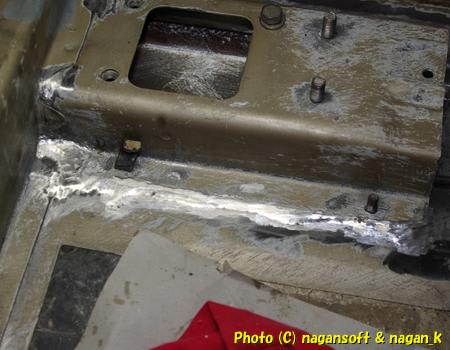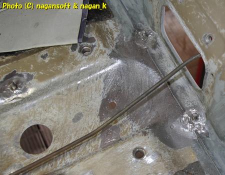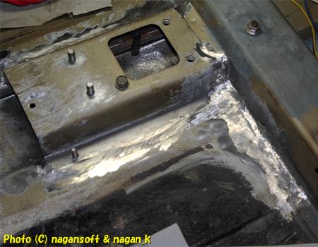 左後ろ床とセンタートンネルと接する部分の余剰ハンダも研磨しました。
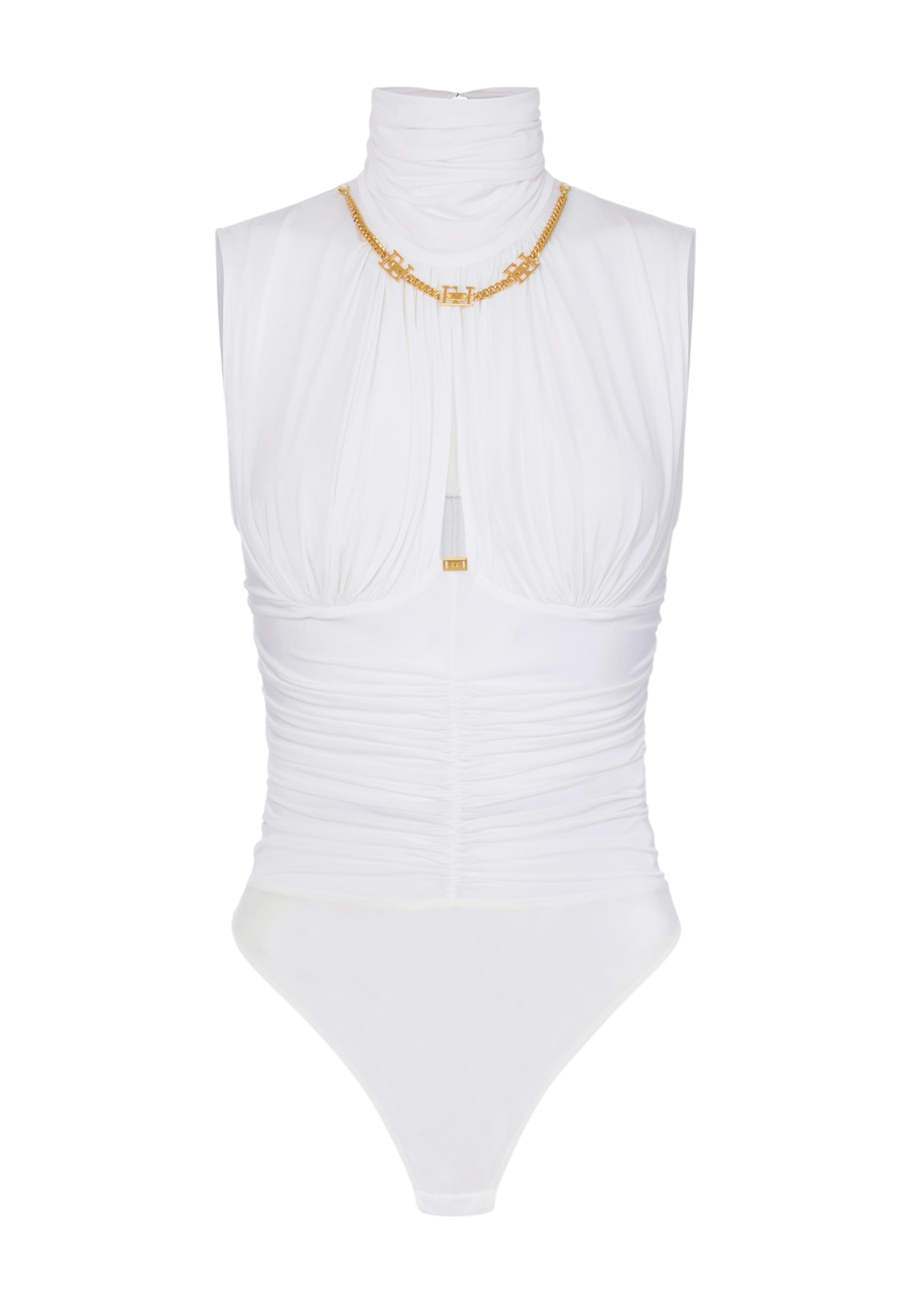 Lightweight crêpe jersey bodysuit, sleeveless with structured shoulders. The draping defines the silhouette with sophisticated volumes. The chain jewelled accessory frames the neck and adds sparkle with logo details. Close fit.
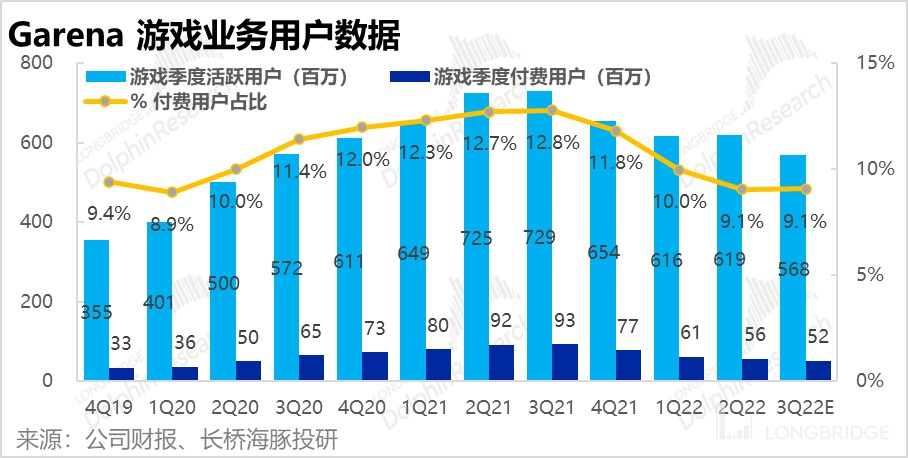 整体上 Garena 游戏板块延续了过去几个季度的趋势,无论是活跃用户、付费用户、游戏流水还是收入都仍在继续下滑,且下降幅度越发扩大,仍未止血。

EXERCISE DIRECTIONS:
Copy out the data above to the letter, and keep every picture out of it.

RESPONSE TO THIS EXERCISE:
 左後ろ床とセンタートンネルと接する部分の余剰ハンダも研磨しました。
 Lightweight crêpe jersey bodysuit, sleeveless with structured shoulders. The draping defines the silhouette with sophisticated volumes. The chain jewelled accessory frames the neck and adds sparkle with logo details. Close fit.
 整体上 Garena 游戏板块延续了过去几个季度的趋势,无论是活跃用户、付费用户、游戏流水还是收入都仍在继续下滑,且下降幅度越发扩大,仍未止血。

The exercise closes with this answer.